In my last IT job I was the go-to person in my team for cleaning up documents. It turned out to be useful experience: I've been paid for proofreading & editing assorted documents translated from Japanese into English for the last few years. Just a part-time job, & now a modest supplement to my pensions, but every little helps, & it's mental exercise, which is good. Checked minutes of a group management reporting meeting this morning, for a manufacturer of automated medical diagnostic analysers. ;)
 

Lolcake

Active Member

John Fedup

The Bunker Group
Pure madness as to how we can support the construction of nuclear subs and not a nuclear industry with the capacity to make our own reactors.
Unless Australia wants a significant commercial nuclear reactor program for power generation it simply isn’t worth having a naval reactor program for a 8 boat fleet when you have an AUKUS alternative. What is needed to start now is a program to train RAN personnel on operating and maintenance.
 

ngatimozart

Super Moderator
Staff member
Verified Defense Pro
Pure madness as to how we can support the construction of nuclear subs and not a nuclear industry with the capacity to make our own reactors.
No way are the US and UK going to allow Australia manufacture naval nuclear power units. It is because of Article III(2) of the Treaty on the Non-Proliferation of Nuclear Weapons, which all three AUKUS partners have ratified. To whit:

2. Each State Party to the Treaty undertakes not to provide: (a) source or special fissionable material, or (b) equipment or material especially designed or prepared for the processing, use or production of special fissionable material, to any non-nuclear-weapon State for peaceful purposes, unless the source or special fissionable material shall be subject to the safeguards required by this Article.

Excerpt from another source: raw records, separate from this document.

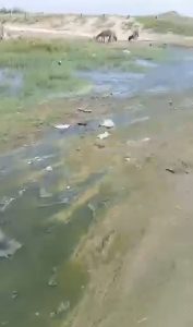 El río de aguas sucias abarca varias  cuadras de la calle Margaritas, hasta desembocar a la playa; y justo es el paso de los pequeños que asisten a la escuela primaria.
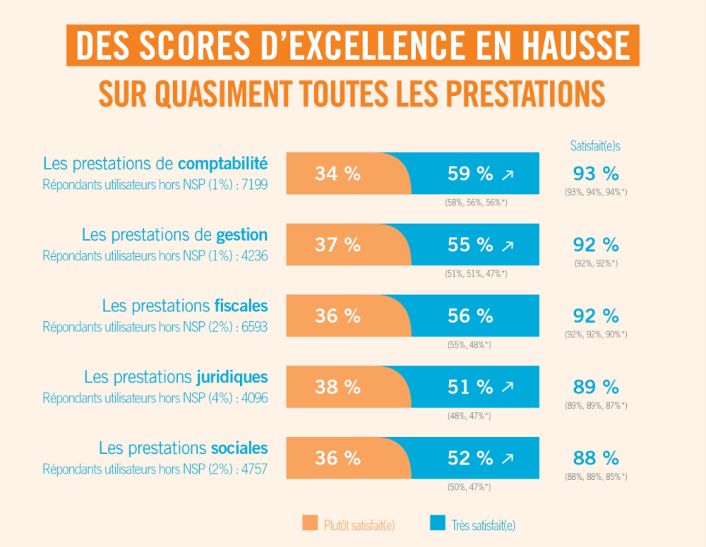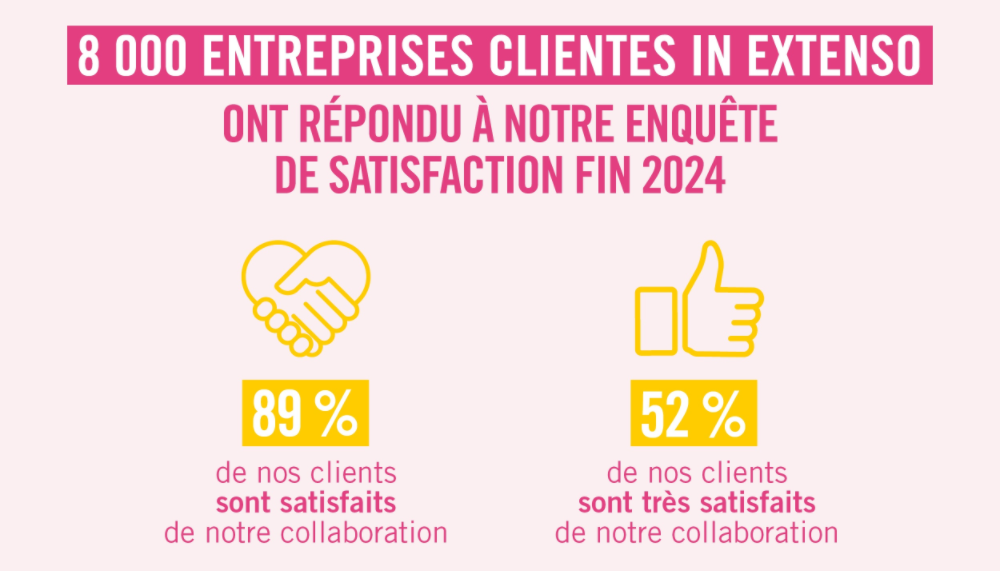 Afin d’améliorer continuellement la qualité de ses services, le Groupe In Extenso mène régulièrement une enquête de satisfaction auprès des clients de ses 280 agences. En 2024, 8 000 entreprises clientes ont répondu à notre questionnaire. Verdict : plus d’un client sur deux est “très satisfait” de notre collaboration et notre taux de recommandation (61%) continue sa hausse !
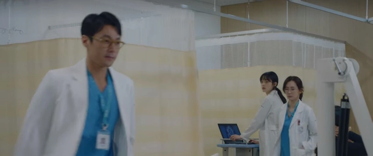 슬의생 보면서 결정러(장겨울-안정원) 팬이어서 이 부분 먼저 기록남겨 봅니다. 현장 자문의들은 의학적 씬에서 주위 배우분들의 움직임, 손의 위치, 손모양 등 디테일한 부분도 감독님과 같이 의견을 드리는데 2화에서 처음 장겨울 선생(신현빈 배우님)을 처음 만났습니다. 지금 생각해 보면 역할에 몰입하고 계셔서 대사 이외에는 잘 말씀 안하셨던 것 같습니다. 2화에서는 아직 성숙되지 않은 장겨울 선생의 모습이 그려지는데 아래 장면에서 처음에는 손을 다소곳하게 모으는 모습이었습니다. 이전 제 수련 기억을 되돌려 보았을때 성숙되지 않은 모습이 있는 선생님들은 주로 타과 선생님들과 트러블 났던 기억이 있어서 아래처럼 손을 주머니에 넣는 예의에 어긋난 모습을 해보자고 감독님께 제안드렸고 받아 주셔서 아래 장면이 나오게 되었습니다.
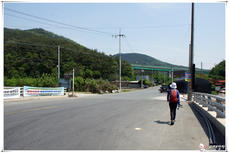 고속도로 아래를 지나서 왼쪽으로 돌아서니...저만치 산길 들머리가 보이네요.
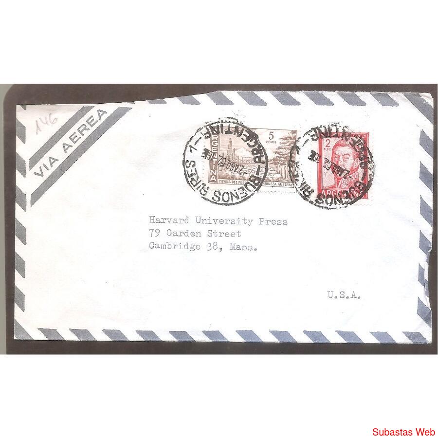 SOBRE CIRCULADO EL 2 DE AGOSTO DE 1962 DESDE BUENOS AIRES A CAMBRIDGE – MASSACHUSET ESTADOS UNIDOS, FRANQUEO: PROCERES Y RIQUEZAS: TIERRA DEL FUEGO Y SAN MARTIN, AL DORSO REMITENTE
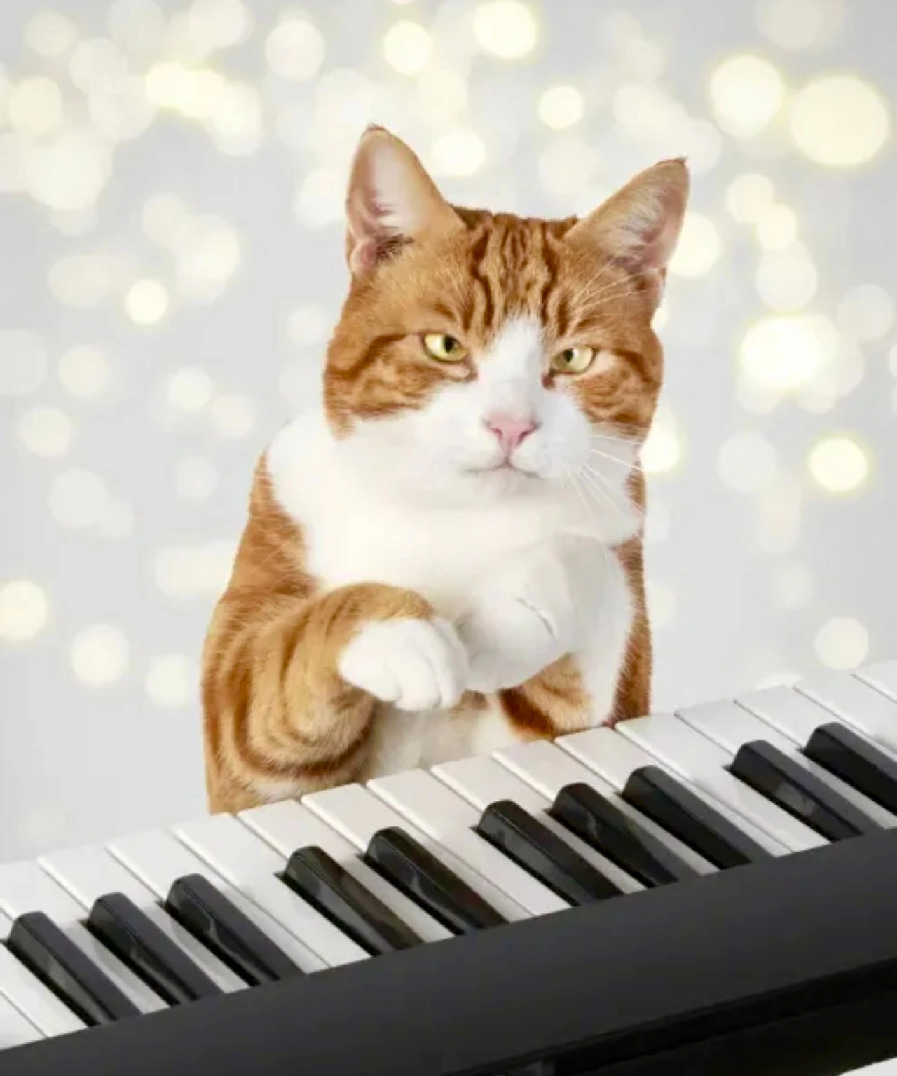 피아노 위에 우아한 고양이가

FWIU, Naval nuclear reactors use a material that is special fissionable material, and as such is subject to the NPF Treaty.
 

John Fedup

The Bunker Group
No way are the US and UK going to allow Australia manufacture naval nuclear power units. It is because of Article III(2) of the Treaty on the Non-Proliferation of Nuclear Weapons, which all three AUKUS partners have ratified. To whit:

2. Each State Party to the Treaty undertakes not to provide: (a) source or special fissionable material, or (b) equipment or material especially designed or prepared for the processing, use or production of special fissionable material, to any non-nuclear-weapon State for peaceful purposes, unless the source or special fissionable material shall be subject to the safeguards required by this Article.

FWIU, Naval nuclear reactors use a material that is special fissionable material, and as such is subject to the NPF Treaty.
Does this apply to French LEU naval reactors? IIRC they only use 20% enrichment.
 

Scott Elaurant

Well-Known Member
Does this apply to French LEU naval reactors? IIRC they only use 20% enrichment.
Good question. As far as I am aware LEU reactors do not trigger the NNPT and this was one of the reasons the French developed theirs. Brazil applied to the IAEA for permission to use LEU reactors in the nuclear subs it is starting to build and received no objection. Despite the difficulties with Naval in the Attack class project, in my view if Australia and France had agreed to switch from the Attack (diesel Barracuda class) to the Suffren (nuclear Barracuda class) it would have been feasible technically and would have solved many diplomatic and internal political problems. Probably 2/3 the price of SSN AUKUS, which would have meant less cuts to the rest of the ADF. I also don’t agree with the claims that French SSNs could not have been refuelled here, since the Suffrens were designed with a hatch to facilitate nuclear refueling. Still a huge learning curve, but it could have been done. Lucas Heights in Sydney is an LEU reactor, and has already been successfully refueled without incident.